As related previously, Dr Cassar Galea died in 1989, and although the cause of his death was never established, it could have been a result of the filthy waters in which he had ended up in the plane crash.

"In November 1988 he was admitted to St Luke's Hospital for some tests after experiencing dizzy spells. As there was no CT scanner in Malta at the time, he had to be flown to London as a wheelchair case.

"When he arrived in London he started to deteriorate but the night before he left Malta, he told me that he had dreamt that Eddie Fenech Adami was supposed to visit India in 1989 and on his arrival he found nobody to greet him. So in his dream, my father packed his case and set off for India to make sure he was there to greet Eddie."

It is understood that Dr Fenech Adami's visit was indeed planned.

"It was one of Papa's last dreams, I suppose, because in the UK he deteriorated even further. You can imagine, he was flown to Malta as a stretcher case and took up nine seats on the plane.

"An English doctor told my husband that we should prepare Papa's grave because he had only a couple of weeks to live.

"He ended up living for much longer than that, despite being in a coma for nearly a year, at least. My mother was at his side, day and night throughout his stay in the hospital when he was in a coma.

"Cockroaches crawled on the nurses' aprons at St Luke's Hospital. When we used to visit him at St Luke's, the ward was infested with cockroaches; they were even crawling on the nurses' aprons.

"At the time, doctors only questioned what he had eaten during his visit to South America. Some doctors, however, did suggest that the virus they suspected could have infected him when the plane crashed into the Demerara had an incubation period of 25 years. He passed away at the age of 69."

Mrs Grima recalls asking the PN to consider setting up a memorial in memory of her father. "I only asked for my father to be remembered in some humble way, no need for anything out of this world. I mean, a monument had been built to Lorry Sant, despite the injustices for which he was responsible.

"My father was so into the PN that whenever I discussed politics with him and suggested that the PN could have been wrong in some of the decisions it took, he always found a way around it and defended his party. He always supported the PN, unlike others within the party who were previously followers of another party, namely that of Herbert Ganado," she said.

 

'The time came when the 'clique' wanted to get rid of Borg Olivier'

When a dinner party was organised by my father for his constituents to celebrate his 25 years of service in parliament, back in 1976, a number of top PN officials (the clique) turned up uninvited.

"Borg Olivier looked at my father and said to him: "Help me, they've come for me."

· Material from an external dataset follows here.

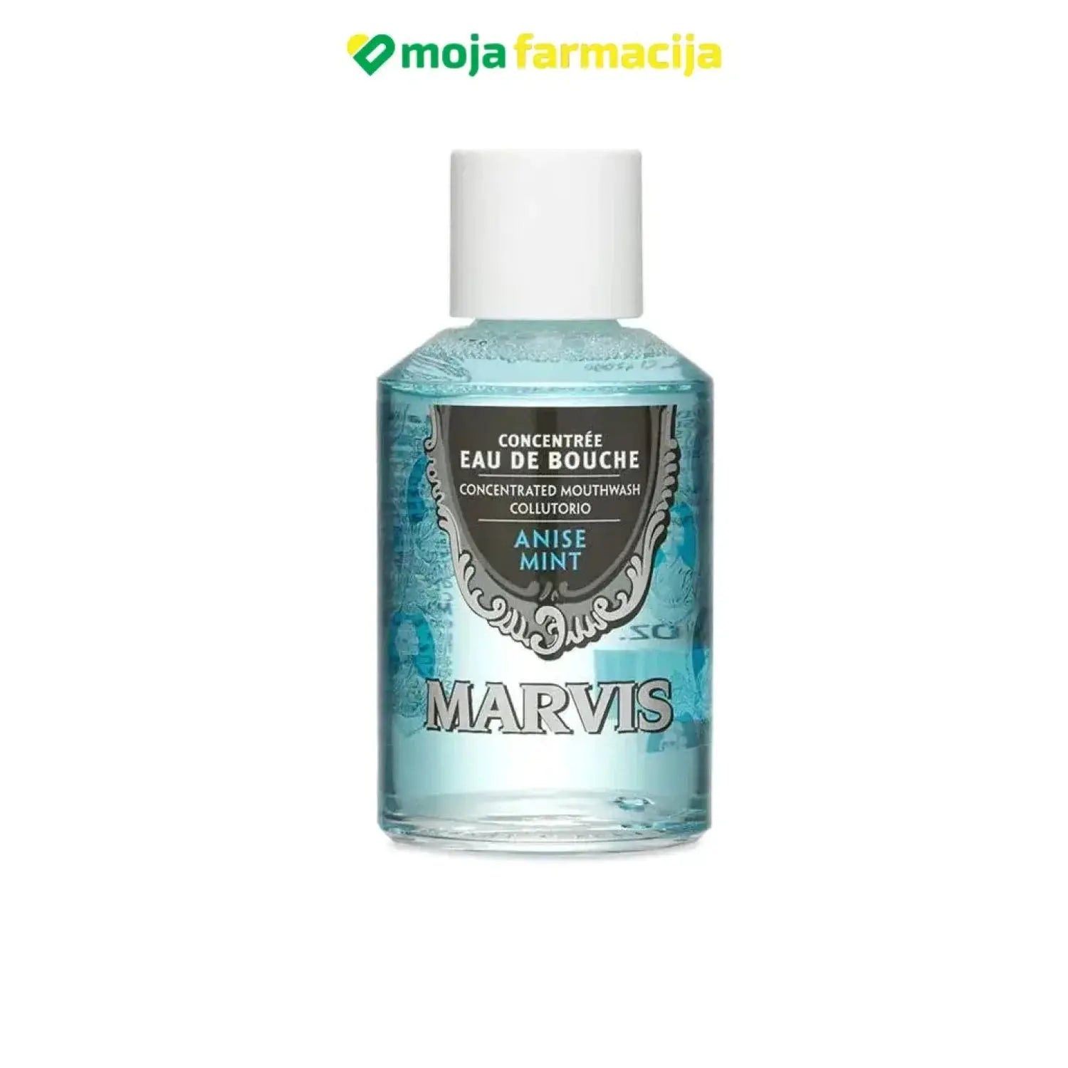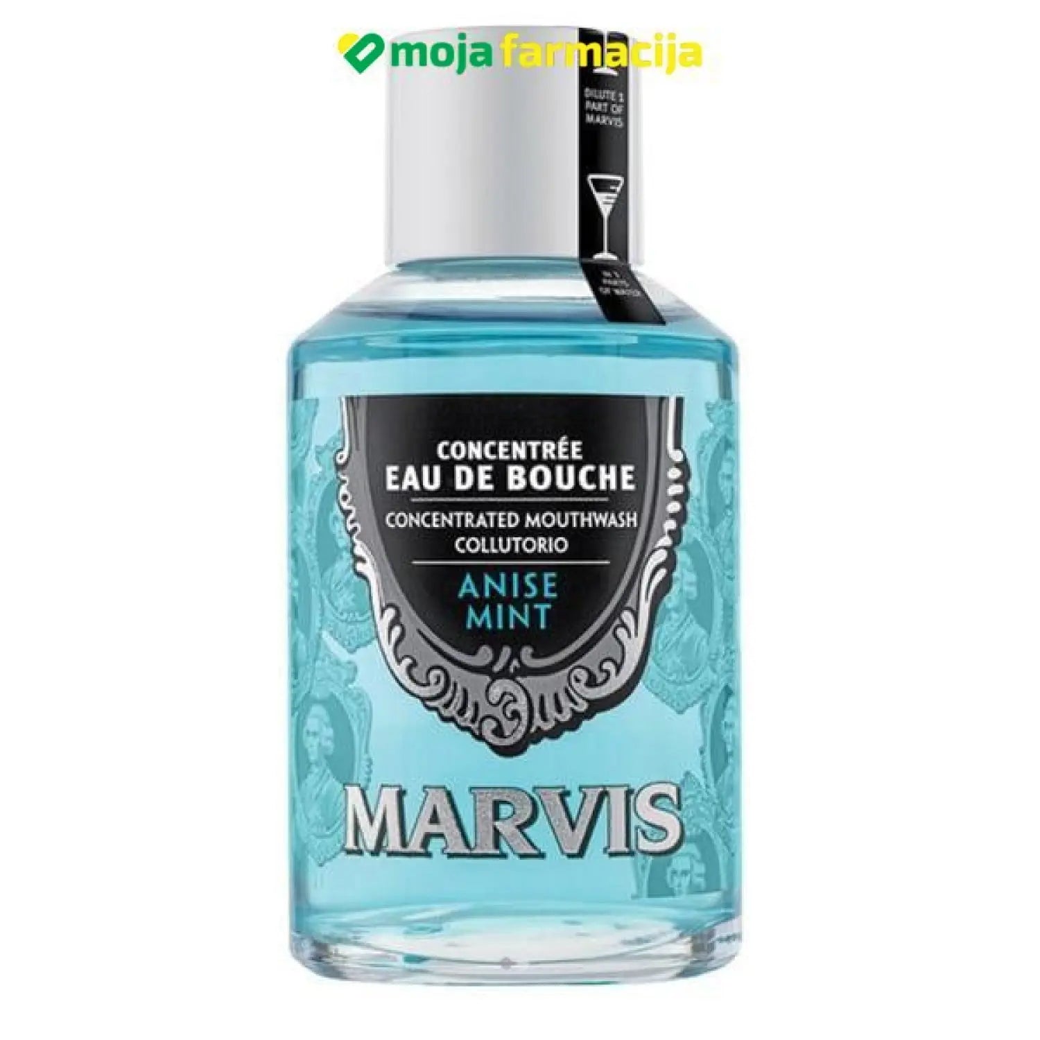 MARVIS Anise mint vodica za ispiranje usta s okusom anisa pružit će vam svjež dah s jedinstvenim, slatkim i aromatičnim okusom koji podsjeća na okus crnog sladića. Savršen je dodatak jutarnjem ili večernjem pranju zubi.

The people to whom Dr Cassar Galea's daughter refers as 'the clique', according to her, used this special occasion, which meant a lot to her father, to convince Borg Olivier to step down and abandon the leadership when the PN were in Opposition.

She said that her father had become Speaker in 1953, having served as Deputy Speaker, to avoid the collapse of a PN government and to ensure that the Budget would go through.

He was the only Speaker of the House who ever plucked up the courage to suspend Dom Mintoff from the House of Representatives.

"I mean - and then he gets all this flak," Mrs Grima said, referring to the obstacles he encountered from his own colleagues in the course of his political career.

"This is only the tip of the iceberg; it would take me volumes to relate everything that took place. Don't get me wrong, I'm not 'a switcher' - but I am hurt," she concluded.